Monday, Aug. 21, 1939

Fashion Notes

Shoulders are vaguely broader. Bosoms conform to high, lifted lines. Everyone agrees on the minute waist line. Full skirts--"the bouncing, double, swing skirt"--are shorter, straight moulded skirts are longer. The steatopygous bustle is definitely in.

Such reports from the opening of Paris fashion shows have grated on Nazi ears for the past fortnight as Schiaparelli followed Mainbocher, and Paquin, Patou and Balenciaga demonstrated that, whoever runs the world, Paris intends to go on making his wife's clothes.

Last week Nazi journals forlornly counterattacked, warning that chic, slim figures do not fit into German life, that dresses which are good-looking in one season are the same the next, that German men do not like to see their wives in a new dress or hat every few months, that women should learn "to abandon a dress when it is used up and not when it becomes unfashionable." Prime mover in this audacious campaign is brush-haired, portly Dr. Robert Ley (pronounced Lie), Labor Front Leader whose tirades against alcohol, nicotine and debauchery have long excited the mirth of knowing Nazis who recall his bibulous "Strength Through Joy" trip accompanied by bevies of blooming beauties. Opening a "House for the Care of Beauty" in Berlin recently, Dr. Ley, whose wife is no dowdy, damned fashions because they waste materials, "which is not in the least in accordance with the present economic policy." Promptly cuing in, Das Schwarze Korps, official organ of the Storm Troopers, editorialized :

"No one could accuse Dr. Ley of hating beauty . . . [but] WHAT IS THE USE OF THE CAMPAIGN AGAINST WASTE IF THE FASHION INDUSTRY DEVALUATES TEXTILES? . . . Other nations elect queens with beautiful legs, beauty queens, naked queens, but Germany honors women with many children and therewith honors a beauty that is uninfluenced by any fashions."

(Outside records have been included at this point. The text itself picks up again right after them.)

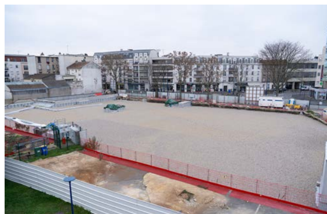
Le parking souterrain de 230 places du stade nautique est terminé.

flambant neuf, doté de services publics et ouvert sur la ville. Enfin, dans le quartier du Baillet, c'est le top départ. Dans les semaines qui viennent, la construction des bâtiments de la partie située à l'ouest de la rue Eugène Pottier débutera. C'est ici que l'on trouvera des surfaces commerciales ainsi que des logements. Mais c'est surtout là que se situera le nouvel Espace culturel dont la première pierre est annoncée pour très bientôt.
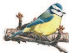
● Herrerillo común ( Parus caeruleus ) Blue Tit.
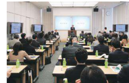
総会(田町キャンパスイノベーションセンター) 2017年3月16日開催
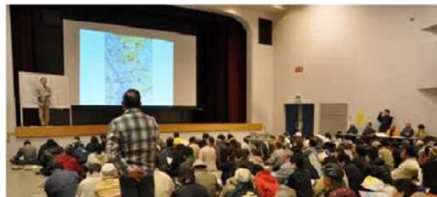
地域住民への周知(説明)イメージ
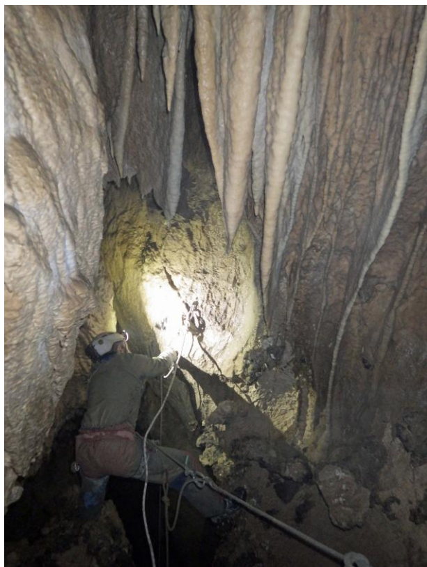
Changement d'une corde usée vers -300.
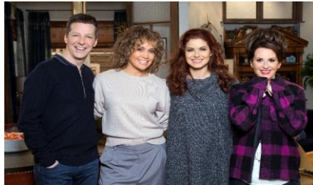
Will and Grace
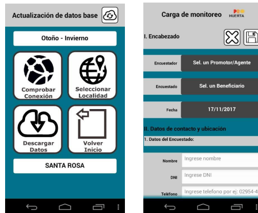
Fig. 1. Pantallas de ejemplo de la App de monitoreo

naciones de ProHuerta, Extensión, Proyectos Territoriales, directores, etc). La aplicación se ha utilizado exitosamente en la provincia de La Pampa durante los años 2017 y 2018. Está planificado extender su uso a la provincia de San Luis.
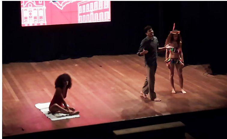
Figura B10 – Antropofagia cultural
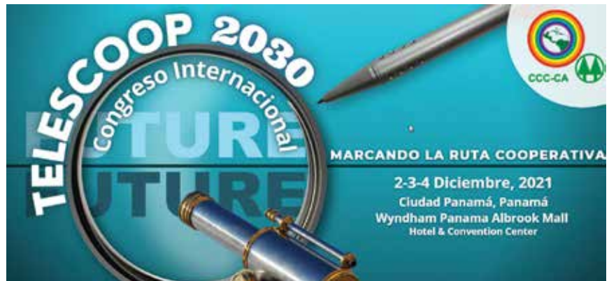
Cartel que motiva a participar en la Conferencia Telecoop 2021, de la Confederación de Cooperativas del Caribe, Centro y Sur América

Objetivos: Analizar las principales megatendencias y su impacto en las organizaciones cooperativas; Identificar las principales contribuciones del cooperativismo a la sociedad y realizar un análisis prospectivo sobre el rol del cooperativismo al 2030.
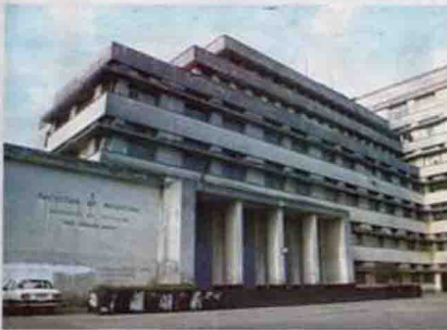
Instalación del Instituto de Higiene para incorporar nuevas tecnologías en la fabricación de vacunas.

«Para ello la tecnología que vamos a generar es un programa de investigación donde se vinculan los académicos, los técnicos, en particular los de genética biomédica, que nos permitan vincularse con Europa global y re-
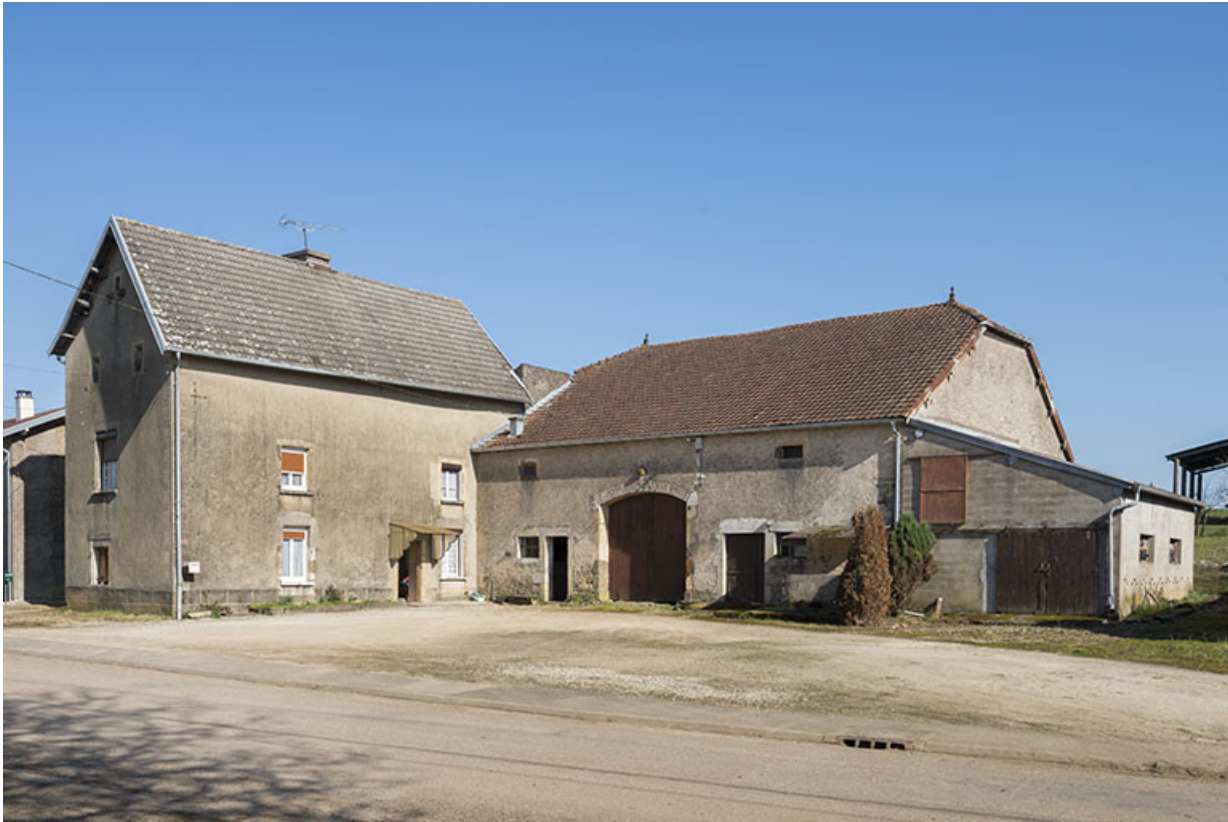
Ferme, rue de la Ruotte.

Roundly Das Schwarze Korps rapped those who think the present return to corsets, bustles, "ribbons, lace and pleats" would fill the bill. Corsets are bad for women's health, especially if pregnant. As for hats: "How could a woman look well with an odd Australian stork perched on a beer mat on top of her head?" But the editors pulled their punches to meet feminine critics, explained earnestly: "All this is no fulmination against lipstick, powder and silk stockings; quite the contrary. . . . Every woman should be beautiful; every woman should have the opportunity to accentuate her natural charms . . . so that she can not only carry out her duties, but also bring pleasure into the life of the working and fighting man."